◆ TASK PROMPT: Without including any image, retype the records word for word.

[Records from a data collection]

Segment Open

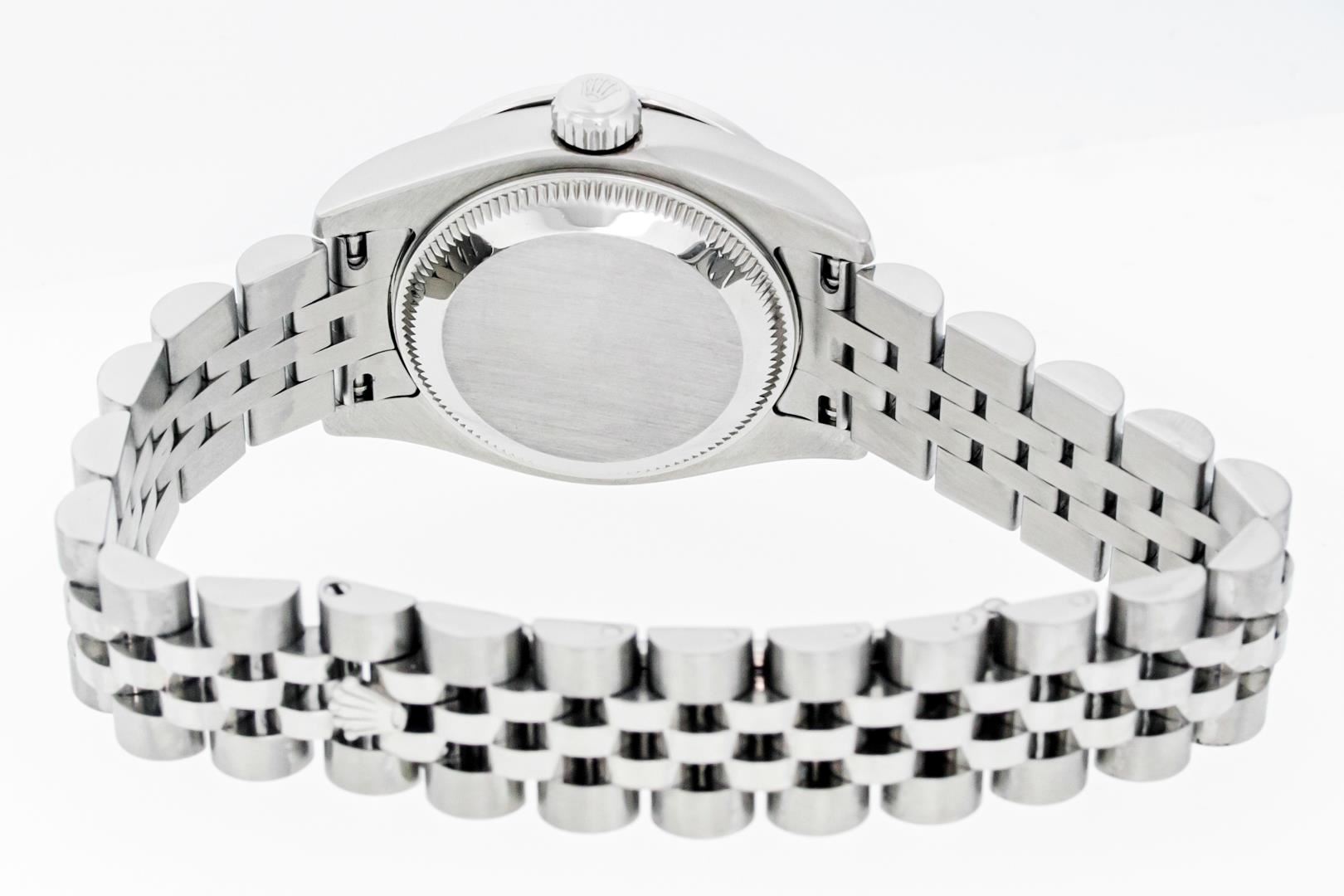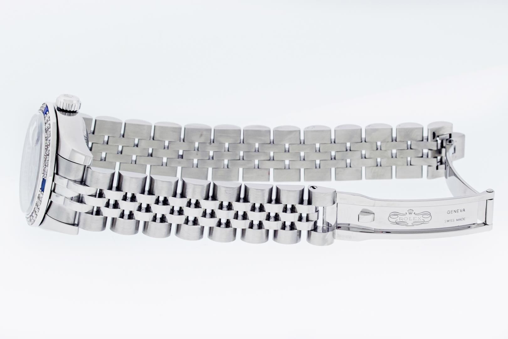 One Ladies Pre Owned Sapphire Quickset Stainless Steel Rolex Datejust Polished Bright with Satin Finish, Serviced & Electronically Tested, Rolex Stainless Steel Case: 26mm, Rolex Stainless Steel Crown, Custom Bezel: New 18K White Gold Diamond & Sapphire Bezel, Stone Count: 28 Diamonds + 4 Sapphires. Crystal: Sapphire With Magnified Date Window. Hands: Luminescent Hands. Rolex Movement: Automatic Winding Movement 2235. Rolex Dial: Blue Roman With Square Track. Date Window: 3 O'Clock Position Date Display, Model: Quickset Datejust. Condition: G-6 Extra Fine. Rolex Bracelet: Stainless Steel Jubilee Band. Bright Polish & Satin Finish. 6.0 Inch Length, Adjustable. Hidden Clap, With Rolex Logo. This Watch Has Been Serviced Time Tested And Is In Excellent Condition It Is Free Of All Scratches And Dents.
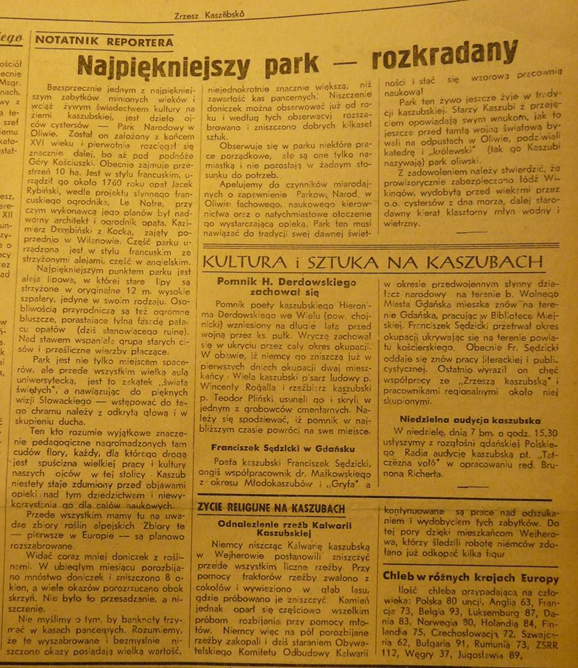 Par ten żywo jeszcze żyje w tradycji kaszubskiej. Starzy Kaszubi z przejęciem opowiadają swym wnukom, jak to jeszcze przed tamtą wojną światową bywali na odpustach w Oliwie, podziwiali katedrę i "królewski" (tak go Kaszubi nazywają) park oliwski.
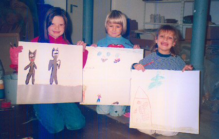 アトリエは寒いけれど(暖かくするとワックスで仕上げた像が溶けてぐにゃ~ってなってしまうので)懲りずに遊びに来る彼女達。
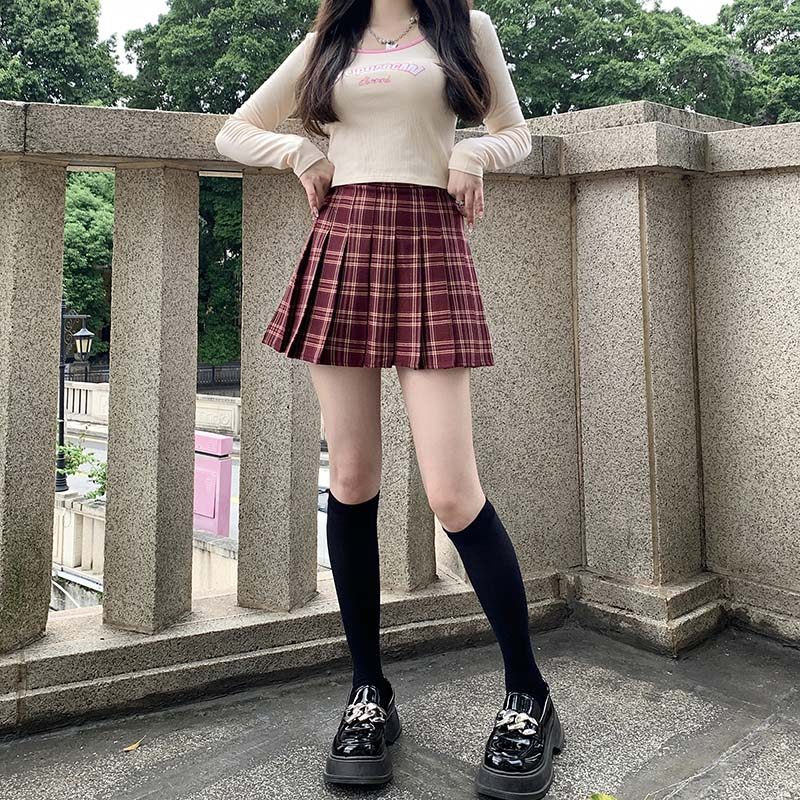 红色格子百褶裙女短款高腰美式复古春秋磨毛a字半身裙显瘦短裙裤
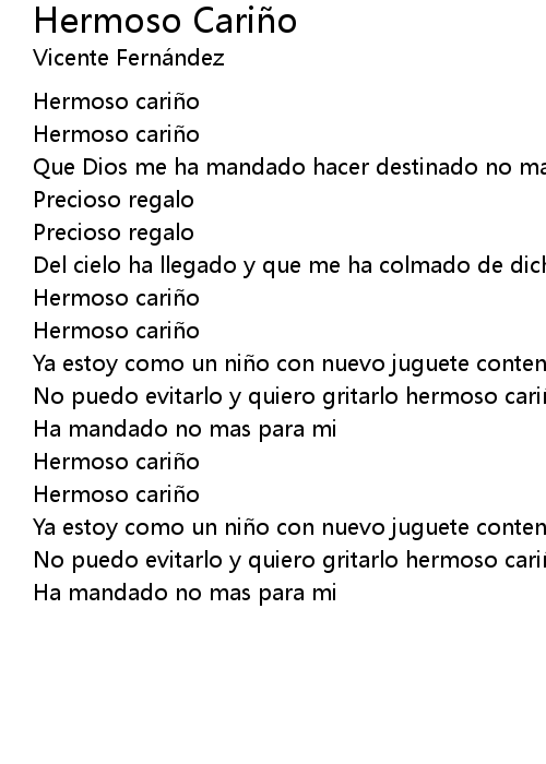 Original lyrics of hermoso carino song by vicente fernandez. Hermoso carino lyrics can anyone translate this song from spanish to english? He is so happy that he wants to shout it to the world, give thanks for this precious gift. 1 user explained hermoso carino meaning. Que dios me ah mandado. Que dios me ha mandado, ha ser destinado. Hermoso cariño lyrics by vicente fernández from the historia de un idolo, vol. That god has sent me. Find more of vicente fernandez lyrics. Learn spanish through songs on the lirica app: Hermoso cariño, hermoso cariño / que dios me ha mandado / ha ser destinado nomás para mí / precioso regalo, precioso regalo / del . 3 beautiful cranio, do it beautiful give me a request becoming .
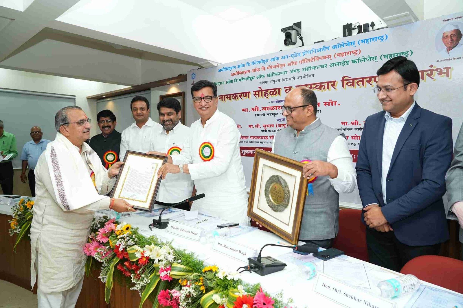 On behalf of Polytechnic Association, 'Hon. Shri. Balasaheb Wagh (Bhau) Memorial Award for Best Teacher' is awarded to Dr. Pravin Bhandari of the K K Wagh Polytechnic, Nashik. by the former Minister of State for Home Affairs of Maharashtra State Hon. Mr. Satej (Bunty) Patil in the presence of the former revenue minister of Maharashtra state Mr. Balasaheb Thorat, President of the Association Hon. Mr. Sameer Balasaheb Wagh, Treasurer Hon. Mr. Amit N. Kolhe, Hon. Dr. Anil Kumar S. Gupta and other dignitaries
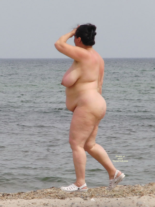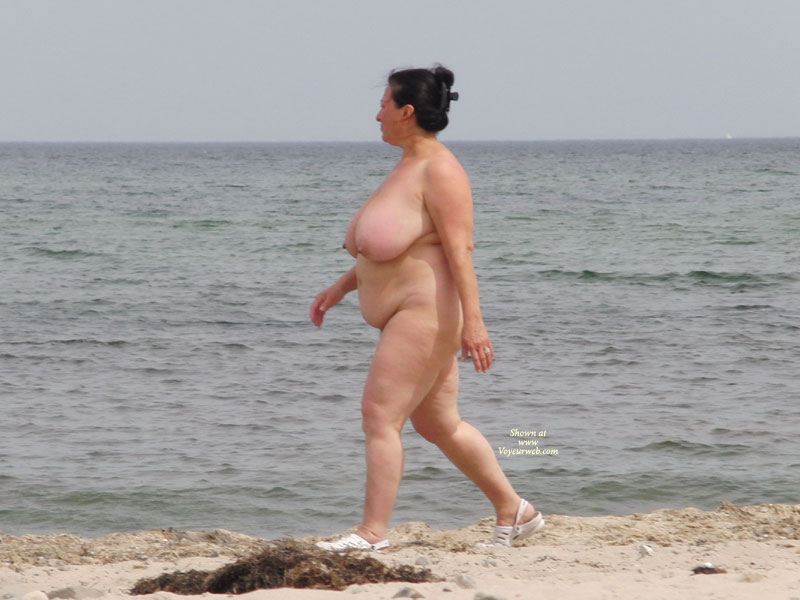 Mature woman on the nude beach with big tits, but a big body, too.
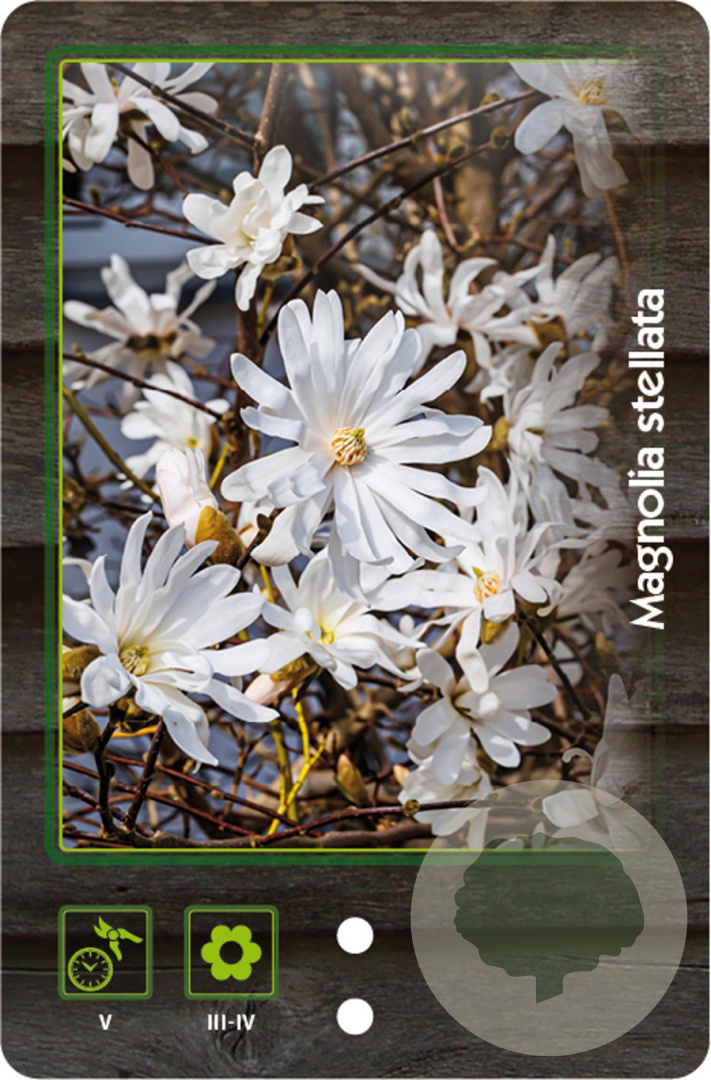 | Toelichting | De Stermagnolia is een prachtige struik met witte bloemen die in april en mei bloeien. De plant wordt ongeveer 200 cm hoog en gedijt goed in zonnige tot halfschaduwrijke plekken op zandgrond, lichte klei of neutrale grond. |
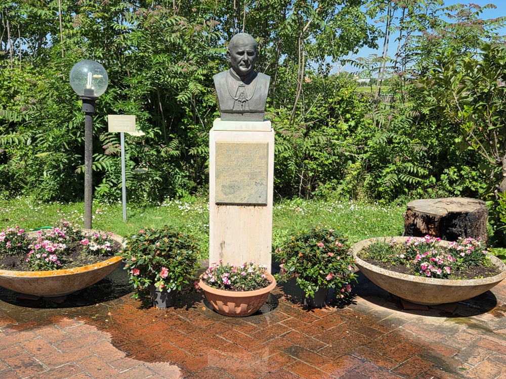 Bức tượng ĐTC Gioan Phaolô II ở đầu nhà phía đằng trước Đền Gia cư Thánh Maria Goretti

Segment Closed

◆ TASK RESULT:
 One Ladies Pre Owned Sapphire Quickset Stainless Steel Rolex Datejust Polished Bright with Satin Finish, Serviced & Electronically Tested, Rolex Stainless Steel Case: 26mm, Rolex Stainless Steel Crown, Custom Bezel: New 18K White Gold Diamond & Sapphire Bezel, Stone Count: 28 Diamonds + 4 Sapphires. Crystal: Sapphire With Magnified Date Window. Hands: Luminescent Hands. Rolex Movement: Automatic Winding Movement 2235. Rolex Dial: Blue Roman With Square Track. Date Window: 3 O'Clock Position Date Display, Model: Quickset Datejust. Condition: G-6 Extra Fine. Rolex Bracelet: Stainless Steel Jubilee Band. Bright Polish & Satin Finish. 6.0 Inch Length, Adjustable. Hidden Clap, With Rolex Logo. This Watch Has Been Serviced Time Tested And Is In Excellent Condition It Is Free Of All Scratches And Dents.
 Par ten żywo jeszcze żyje w tradycji kaszubskiej. Starzy Kaszubi z przejęciem opowiadają swym wnukom, jak to jeszcze przed tamtą wojną światową bywali na odpustach w Oliwie, podziwiali katedrę i "królewski" (tak go Kaszubi nazywają) park oliwski.
 アトリエは寒いけれど(暖かくするとワックスで仕上げた像が溶けてぐにゃ~ってなってしまうので)懲りずに遊びに来る彼女達。
 红色格子百褶裙女短款高腰美式复古春秋磨毛a字半身裙显瘦短裙裤
 Original lyrics of hermoso carino song by vicente fernandez. Hermoso carino lyrics can anyone translate this song from spanish to english? He is so happy that he wants to shout it to the world, give thanks for this precious gift. 1 user explained hermoso carino meaning. Que dios me ah mandado. Que dios me ha mandado, ha ser destinado. Hermoso cariño lyrics by vicente fernández from the historia de un idolo, vol. That god has sent me. Find more of vicente fernandez lyrics. Learn spanish through songs on the lirica app: Hermoso cariño, hermoso cariño / que dios me ha mandado / ha ser destinado nomás para mí / precioso regalo, precioso regalo / del . 3 beautiful cranio, do it beautiful give me a request becoming .
 On behalf of Polytechnic Association, 'Hon. Shri. Balasaheb Wagh (Bhau) Memorial Award for Best Teacher' is awarded to Dr. Pravin Bhandari of the K K Wagh Polytechnic, Nashik. by the former Minister of State for Home Affairs of Maharashtra State Hon. Mr. Satej (Bunty) Patil in the presence of the former revenue minister of Maharashtra state Mr. Balasaheb Thorat, President of the Association Hon. Mr. Sameer Balasaheb Wagh, Treasurer Hon. Mr. Amit N. Kolhe, Hon. Dr. Anil Kumar S. Gupta and other dignitaries
 Mature woman on the nude beach with big tits, but a big body, too.
 | Toelichting | De Stermagnolia is een prachtige struik met witte bloemen die in april en mei bloeien. De plant wordt ongeveer 200 cm hoog en gedijt goed in zonnige tot halfschaduwrijke plekken op zandgrond, lichte klei of neutrale grond. |
 Bức tượng ĐTC Gioan Phaolô II ở đầu nhà phía đằng trước Đền Gia cư Thánh Maria Goretti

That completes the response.